- **YOUR INSTRUCTIONS**
The answer must be an exact copy of the lines from the one with "Với gần 200" through the final line below, with no pictures and nothing else.

----- RECORDED DATA

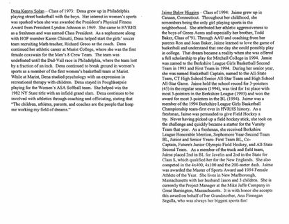 Dena Kenny Solan, Sharon, Class of 1973, Soccer, Softball
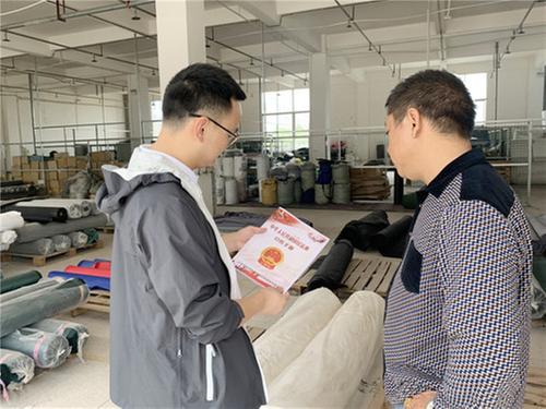 為營造濃厚的法治宣傳氛圍,提升轄區(qū)企業(yè)知法守法、依法經(jīng)營的能力,在園區(qū)內(nèi)形成良好的法治環(huán)境,9月24日,廣安市前鋒工業(yè)園區(qū)管委會普法志愿者深入旭輝聚氨酯有限公司、惠華皮具等多家企業(yè)開展《民法典》宣傳活動。
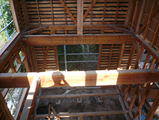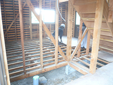 | 解体作業中です。主要の構造材を残し、ほぼ撤去です。間取りが変わるので、大掛かりな解体工事です。 | 2階も天井と床、内壁を全て解体してしまいます。柱と梁と屋根が残っているだけで、殆ど解体してしまいました。 | リビングの小上がりになる場所です。柱を抜いたので、梁補強をします。梁材も材木屋に無理を言って唐松材を用意しました。 |
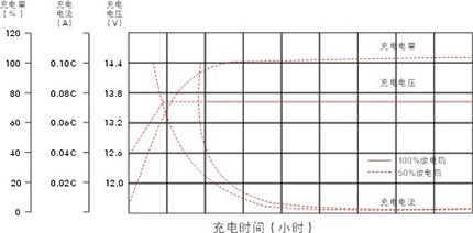 鉛酸蓄電池要求采用限流恒壓的充電方法進行充電。在環(huán)境度為25℃的條件下,最佳的浮充電壓為13.6±0.1V 臺X臺數(shù),充電開始時的電流應限制在0.25C10A的范圍內(nèi)。
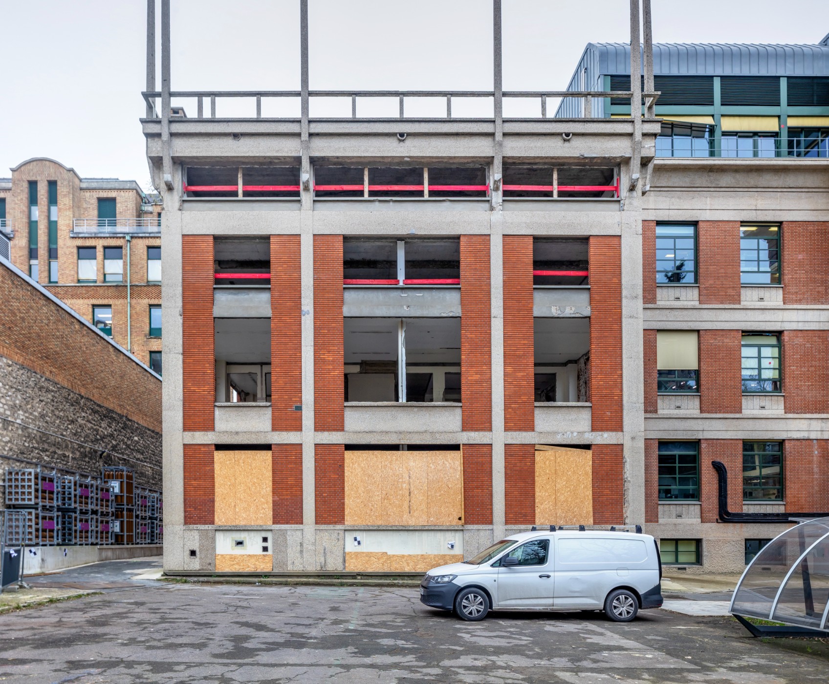 Les travaux qui vont s’engager correspondent à la phase principale du projet : ils prévoient une restructuration totale du bâtiment Grand Hall, avec une rénovation complète des espaces et le réalignement des niveaux avec ceux du bâtiment voisin, qui donneront plus de fluidité aux usages, une surélévation du bâtiment et même la création d’un deuxième niveau de sous-sol sous l’un des espaces de laboratoire.
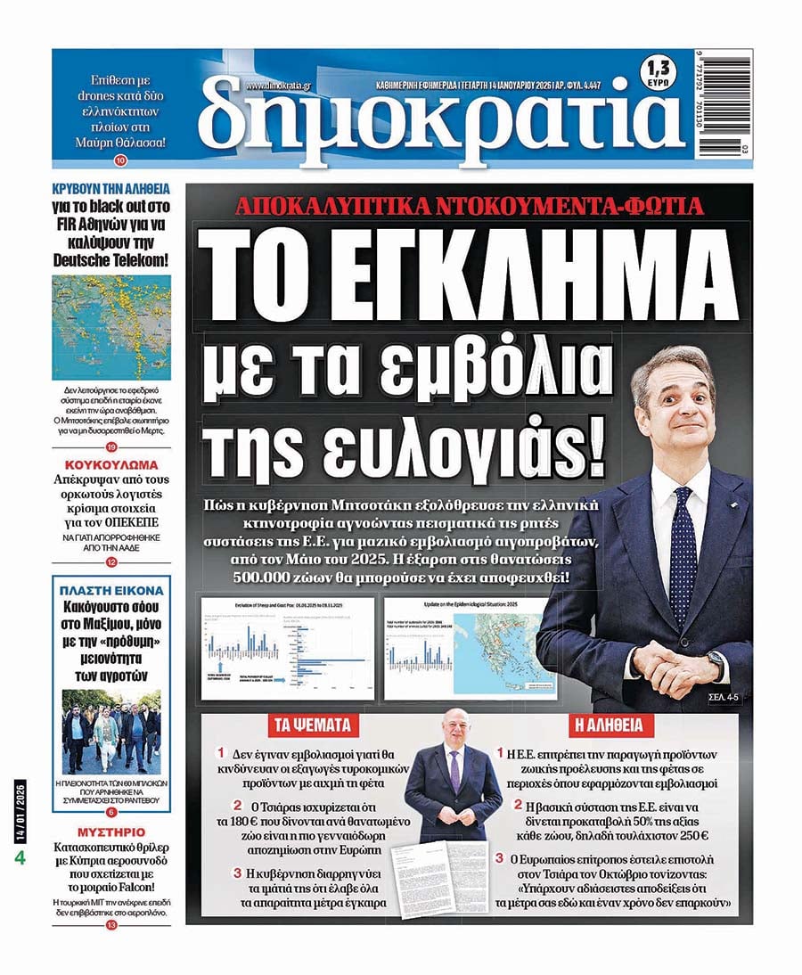 Για τα εμβόλια που όλος ο κτηνοτροφικός κόσμος βράζει λόγω της κυβερνητικής αδιαλλαξίας, για όσα η Ευρώπη διαρκώς προειδοποιεί και κατηγορεί τις αποφάσεις υπουργείου και Μαξίμου, ο πρωθυπουργός και τα επιτελεία του επιχειρούν να κάνουν το μαύρο άσπρο. Οπως σε όλα τα σκάνδαλα και σημαντικά ζητήματα. Μόνο εξωγήινους δεν έχουν ανακαλύψει, όπως παραλίγο να μας πούνε για το μπλακάουτ στο FIR. Ακριβώς επειδή το ρεπορτάζ της περασμένης εβδομάδας από τη «δημοκρατία» ήταν πλήρως στοιχειοθετημένο και βασισμένο αποκλειστικά σε επίσημα έγγραφα του Ευρωπαίου επιτρόπου και της Ε.Ε., ο κυβερνητικός μηχανισμός έσπευσε να προβάλει το δικό του αφήγημα. Με μισές αλήθειες, ολόκληρα ψέματα και παραμύθια που κανένας κτηνοτρόφος δεν αναγνωρίζει.
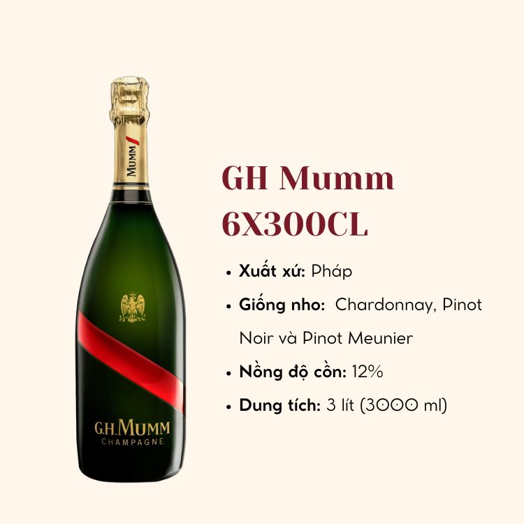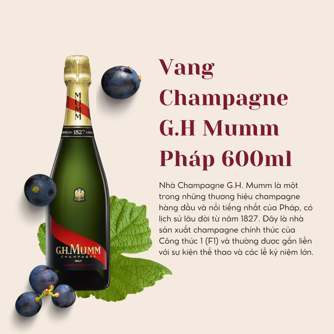 Với gần 200 năm kinh nghiệm, GH Mumm không chỉ là một thương hiệu, mà còn là đại diện cho rượu champagne cao cấp với chất lượng vượt trội và phong cách đầy tinh tế.
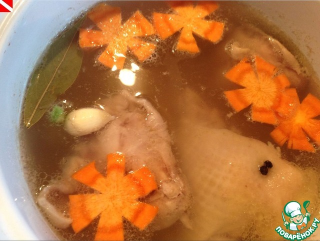 Приливаем процеженный куриный бульон. Перемешиваем.

----------

- **EXERCISE SOLUTION**
 Với gần 200 năm kinh nghiệm, GH Mumm không chỉ là một thương hiệu, mà còn là đại diện cho rượu champagne cao cấp với chất lượng vượt trội và phong cách đầy tinh tế.
 Приливаем процеженный куриный бульон. Перемешиваем.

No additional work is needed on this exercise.